Although Plasmodium vivax relapses are classically associated with hypnozoite activation, it has been proposed that a proportion of these cases are due to primaquine (PQ) treatment failure caused by polymorphisms in cytochrome P-450 2D6 (CYP2D6). Here, we present evidence that CYP2D6 polymorphisms are implicated in PQ failure, which was reinforced by findings in genetically similar parasites, and may explain a number of vivax relapses. Using a computational approach, these polymorphisms were predicted to affect the activity of CYP2D6 through changes in the structural stability that could lead to disruption of the PQ-enzyme interactions. Furthermore, because PQ is co-administered with chloroquine (CQ), we investigated whether CQ-impaired metabolism by cytochrome P-450 2C8 (CYP2C8) could also contribute to vivax recurrences.

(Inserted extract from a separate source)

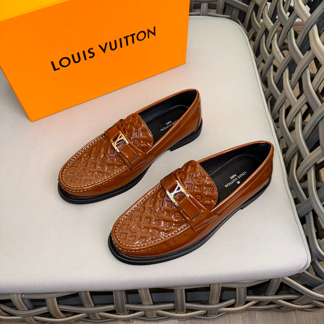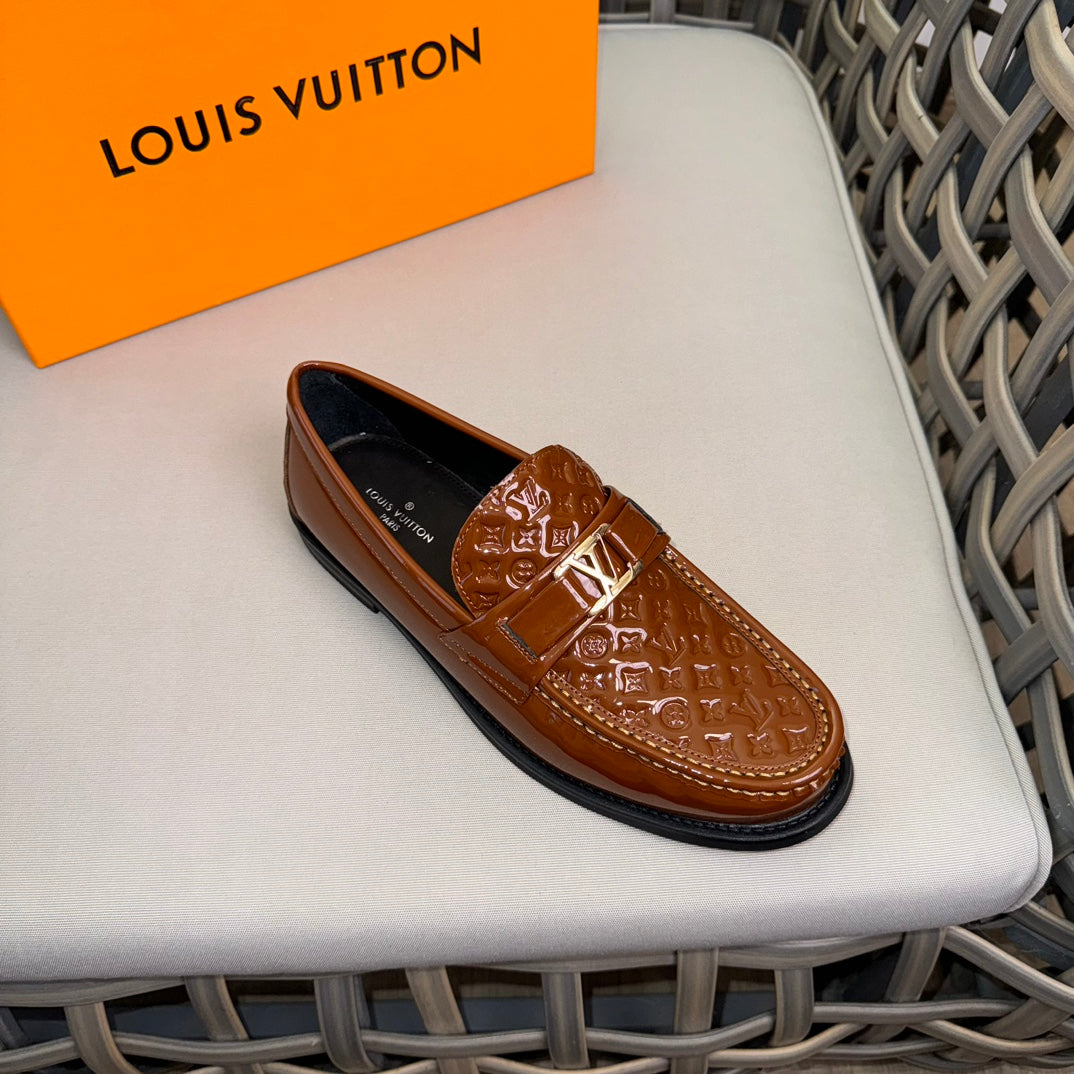 MOCASSINI LV MAJOR IN PELLE DI VITELLO GOFFRATA MARRONE CIOCCOLATO

Our results show that CYP2C8-mutated patients frequently relapsed early (<42 days) and had a higher proportion of genetically similar parasites, suggesting the possibility of recrudescence due to CQ therapeutic failure. These results highlight the importance of pharmacogenetic studies as a tool to monitor the efficacy of antimalarial therapy.

Highlights

  • Several factors have highlighted the importance of malaria caused by Plasmodium vivax, such as the spread of parasites that are resistant to available drugs [1]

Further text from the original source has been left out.